InfluxDB provides several graph type visualizations to allow users to easily monitor their data. However, most of those graph types are only helpful if your data can be represented numerically. What if you want to track the health of your application, or visualize the status of your pods deployed in Kubernetes, over time? In both these cases, status is tracked over time using one of several discrete values, and can’t be plotted on an x/y chart.
In this post, we’ll walk you through our process of creating the mosaic graph type over the course of our summer internship. This graph is well-suited to tracking status over time.
What’s the problem?
The project started with a request by our teammate, Mark Rushakoff, for a graph type that plots the change in the value of a given category of data over time. The x-axis represents time and the y-axis represents the names of the different series of data. Lastly, the graph would have colored boxes, such that each color represented a certain value and the length of the box represented how long the value lasts. Mark provided us with the rough drawing (shown below) of what he imagined the graph would look like. In the drawing, the two sets of data are series1 and series 2, and the list of possible values is “foo”, “bar”, and “quux”. In the drawing, each value is assigned a color, and in our graph, those boxes would be colored in with that color. After meeting face-to-face with Mark to ensure the project was still valuable and clarify some specifics, we were off.
Why a mosaic graph?
The first question we had to ask ourselves was what this visualization should be called. The original request didn’t refer to the graph type by name, so we did some research.
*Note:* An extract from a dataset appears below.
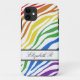 Maleta personalizada do iPhone 5 na moda personalizada com seu nome e projetada com um padrão de impressão zebra com listras zebra brancas e arco-íris.

We considered graph types such as Gantt, timeline, and state but eventually settled on a mosaic graph. A mosaic graph visualizes data for two or more qualitative variables — in our case, series and value. We chose this graph type because even though our graph is a little more specialized than a mosaic, we wanted to make sure it fits all the requirements of whatever graph we chose. Also, unlike the other possibilities, mosaics are a common enough type of graph that people should recognize the name and have some idea of what it will be used for.
Our first attempt
The first time we tried to add our visualization type to Giraffe, our graph visualization library built using ReactJS, we struggled with understanding all the different variables and files, so we decided the simplest method would be to emulate the most similar existing graph types (histogram and heatmap) as closely as possible. As you might imagine, this wasn’t very successful. We weren’t able to get anything to visualize and didn’t understand the errors we were getting. We soon realized that we wouldn’t get anywhere with this strategy, so we took a step back and tried to figure out how everything worked together before adding our code.
Starting from scratch
The first thing we did was create a simple mosaic graph with the Canvas element to figure out what shape we would need the data to be in to draw our graph. While looking at the data other graphs were displaying in Giraffe, we saw that the data we received would contain multiple columns including time, value, series name, and potentially other data. Each row of data would have a timestamp and the value of the series at that exact time. For our graph, we would have to organize this data in terms of intervals. Since we wanted to display how long a value (ex. “foo”) lasted, we would need to know when “foo” became the value and when the value changed again. Therefore, we would need to create a table that stored the start and end times along with the value and series name for each interval.
After we had a better idea of what we were working towards, we started adding small amounts of code where we were sure we needed and built up mosaic to be similar to other graph types.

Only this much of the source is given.